The agency is facing cuts under the Trump administration, exacerbating longstanding complaints from leadership that the agency is understaffed and underfunded — even as caseloads have grown. This April, The Guardian reported that the agency had terminated leases on seven local offices. In May, the NLRB’s 2026 budget reduced agency spending by nearly 5% in order to address requirements of Trump’s executive order on “government efficiency.” The drop cut $14 million and 99 staff from the agency, most of it from the handling of cases.
Employers also know that delays are likely to hurt union efforts — and have a “toolkit of tactics,” according to Kate Bronfenbrenner, director of labor education research at Cornell University’s School of Industrial and Labor Relations. That includes threats of job loss or closure, surveillance of workers, captive audience meetings or one-on-ones with supervisors. But delay is one of the most effective, Bronfenbrenner said. “When people file a petition, they do it with hope and courage,” she said. “When delays persist and workers are facing constant threats that scare them out of organizing, it can shift to ‘I don’t know if this is worth it.’”

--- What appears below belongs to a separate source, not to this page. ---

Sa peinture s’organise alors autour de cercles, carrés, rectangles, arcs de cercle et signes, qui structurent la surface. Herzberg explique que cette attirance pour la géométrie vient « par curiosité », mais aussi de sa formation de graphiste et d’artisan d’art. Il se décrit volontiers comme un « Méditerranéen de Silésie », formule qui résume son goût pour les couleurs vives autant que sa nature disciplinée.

Resolving disagreements like the one between BlueOval SK and its workers is the job of the National Labor Relations Board, but the federal board has been effectively frozen since President Trump’s Jan. 29 firing of board member Gwynne Wilcox. (Trump noted that Wilcox was “disfavoring the interests of employers.”) Wilcox sued over the firing, leaving the case bouncing between courts; in May the Supreme Court indicated it would uphold her firing when the case reaches its bench. Wilcox’s absence has left the federal board without the quorum required to function.

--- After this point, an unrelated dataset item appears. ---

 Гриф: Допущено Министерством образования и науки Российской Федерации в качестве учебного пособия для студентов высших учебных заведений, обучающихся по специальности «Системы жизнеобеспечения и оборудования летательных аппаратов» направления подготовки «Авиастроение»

A dead end at the federal level gives employers a nearly bottomless source of delays to union efforts, said Margaret Poydock, senior policy analyst with the Economic Policy Institute. To that end, employers including SpaceX and Amazon have begun filing petitions with the National Labor Relations Board arguing that the agency itself is unconstitutional. Others have argued that, without quorum at the federal level, regional NLRB offices cannot schedule elections. Every new filing increases the likelihood of a delay.
“Delays at the NLRB can disrupt the momentum of union organizing campaigns and workers’ ability to hold their employers accountable for violating labor law,” said Poydock. Trump’s firing of Wilcox “created the expectation that future board members are expected to side with employers over workers,” she said.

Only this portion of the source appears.